In stark contrast to its low hindlimb:forelimb ratio compared to the most derived bipedal jerboa taxa (Figure 5A), the long-eared jerboa, Euchoreutes naso, falls within the 95% confidence interval of the regression for metatarsus:femur (Figure 5B). Indeed, while both ratios follow a trend toward increasing values in more derived species, they do not share the same distribution [Figure 5C, D; Wilcoxon signed-rank test: n=19, sum of ranks (V)=190, p=3.82E-6]. Together these trees suggest the mechanisms that establish the proportion of hind relative to forelimb length are genetically separable from the mechanisms that determine proportions within the hindlimb.

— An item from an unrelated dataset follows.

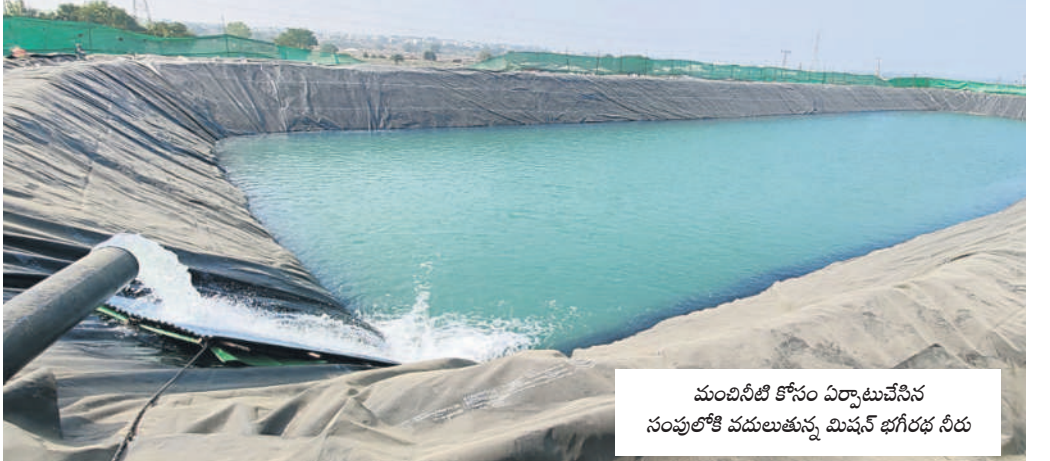
మంచివీటి కోసం ఏర్పాటుచేసిన సంపులోకి వదులుతున్న మిషన్ భగీరథ నీరు

పరిగి, జనవరి 4 : పరిగి పట్టణ శివారులో ఈనెల 6 నుంచి 8వ తేదీ వరకు మూడు రోజులపాటు ఇన్సైమా జరుగనున్నది. ఈ కార్యక్రమ నిర్వహణకు పరిగి మున్సిపాలిటీ పరిధిలోని న్యూపవన్ గర్ సమీపంలో 280 ఎకరాల్లో నిర్వహణకు అన్ని ఏర్పాట్లు చేస్తున్నారు. ఇన్సైమాకు తెలంగాణ, ఆంధ్రప్రదేశ్, కర్ణాటకలోని గుల్బర్గా, బీదర్ తదితర ప్రాంతాల నుంచి సుమారు 2 నుంచి 3 లక్షల వరకు ముస్లింలు హాజరు కానున్నట్లు సమాచారం. కార్యక్రమానికి వచ్చిన వారు కూర్చునేందుకు కు ర్మిలాతోపాటు భోజన వసతి కోసం 26 వంటకాలను ఏర్పాటు చేస్తున్నారు. మంచివీటి సదుపాయం కోసం ప్రత్యేకంగా మిషన్ భగీరథ ప్రైవేట్ లిమిటెడ్ డబ్బల్బ్రాండ్లను నుంచి కార్యక్రమ నిర్వహణ స్థలానికి ఏర్పాటు చేశారు. వాహనాలను నిలిపేయకు ప్రత్యేకంగా పార్కింగ్ కేం డ్రాల ఏర్పాటుతోపాటు మరుగుదొడ్లు, ఆరు ప్రత్యేక వైద్య శిబిరాలు అందుబాటులో ఉండనున్నాయి. ఈ నెల 6వ తేదీ శనివారం ఉదయం ఇన్సైమా ప్రారంభమై 8వ తేదీ సోమవారం సాయంత్రం ముగియనున్నది. ఈ కార్యక్రమం కోసం జిల్లా ఎస్పీ కోటి రెడ్డి పర్యవేక్షణలో సుమారు 500 మంది పోలీసులు బందోబస్తు నిర్వహించనున్నారు. ఇందులో ఇద్దరు ఆదనపు ఎస్పీలు, ఆరుగురు డిపీ ఎస్పీలు, పదిమంది సీఐలు, 30 మంది ఎన్ఐలు ఉండనున్నారు. కాగా ఇన్సైమా కార్యక్రమ నిర్వహణ, సదుపాయాల కల్పన కోసం ప్రభుత్వం రూ.2.45 కోట్లు మంజూరు చేసింది. మంచివీటికి సంబంధించి సంపు నిర్మాణం, ఇతర పనుల కోసం రూ.85లక్షలు, ప్రైవేట్ నిర్మాణానికి రూ.68 లక్షలు, రోడ్డు నిర్మాణం, పార్కింగ్ ఏర్పాటు కోసం రూ.40 లక్షలు, నిరంతర విద్యుత్ సరఫరాకు ట్రాన్స్ఫార్మర్ల ఏర్పాటు, ఇతర

Lastly, we analyzed rates of evolutionary allometric growth versus rates of net speciation (nodes along phylogenetic path lengths) as a test for punctuated evolution where the coefficient of determination (R²) denotes the percent of character variation explained by punctuated evolution, and the slope of the regression (β) represents the magnitude of the effect of punctuation [29]. A correlation between trait values and net speciation suggests that the trait in question underwent punctuated, rather than gradual, evolution - though not necessarily punctuated equilibrium as originally defined by Eldredge and Gould [30] because of the inability to detect periods of stasis. Although the exact process producing such a pattern is difficult to determine [31], such a test does imply that bursts of morphological change were coupled with speciation [29, 32–35].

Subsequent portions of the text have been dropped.